Ecosystem Characterization in the US North East Coast using Big Data and Machine Learning

Lead Pi: Themistoklis Sapsis · 02/2021 - 01/2023

Project number: 2021-R/RRHC-003

Objectives: Our overall goal is to develop a regional OA model, similar to the regional aragonite models for the US West Coast but with uncertainty quantification that can be used for efficient (re)-allocation of the measurement stations in future operation planning. More specifically our objectives are:
Objective 1: 3D Monitoring & Forecasting of Temperature and Salinity Maps.
Objective 2: 3D Monitoring and Forecasting of DIC, Aragonite and pH.
Objective 3: Diverse, Easily-Accessible Web-Based Databases and Tools.

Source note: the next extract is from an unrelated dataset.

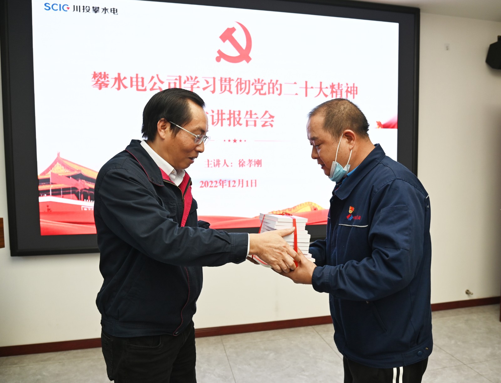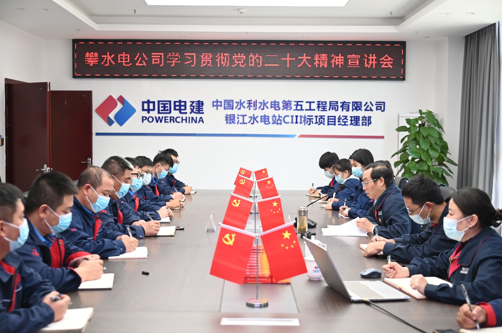 根據(jù)川投集團(tuán)黨委、川投能源黨委有關(guān)要求和攀水電公司黨總支工作安排,為進(jìn)一步學(xué)習(xí)宣傳貫徹黨的二十大精神,激勵銀江水電站參建單位全面學(xué)習(xí)、全面把握、全面落實黨的二十大精神,12月1日上午,川投能源副總經(jīng)理、攀水電公司黨總支書記、董事長、攀新能源公司董事長徐孝剛到聯(lián)建支部水電五局銀江項目黨支部進(jìn)行黨的二十精神專題宣講。水電五局銀江項目黨支部全體黨員、入黨積極分子、職工代表共計20余人參加此次宣講會。

Methodology: Our machine learning methodology is based on a flexible Bayesian network and a philosophy that leaves no data behind, including opportunistic measurements and drifter data in addition to satellite data as well as data from MWRA stations and buoys. Our approach is informed by physics and is leveraged by new machine learning techniques. The key idea here is to identify and exploit systematically through the multiple and diverse spatio-temporal measurements all existing (in general nonlinear) correlations between state-variables, and obtain implicitly their functional relationships in a multi-dimensional space while at the same time quantify the uncertainty of the data-based predictions.

Rationale: Relying only on a single source of data is insufficient for building monitoring and forecast models in our region due to cost associated with measurements. High-fidelity physics-based modeling alone also, especially for non-conservative variables such dissolved inorganic carbon, pH, pCO2 that are governed by complex transport/chemical/biological processes, will continue to remain elusive for the foreseeable future. We propose to develop a regional OA model that utilizes all the available sources of data, including historical data, and leverages physical laws, possibly in simplified form.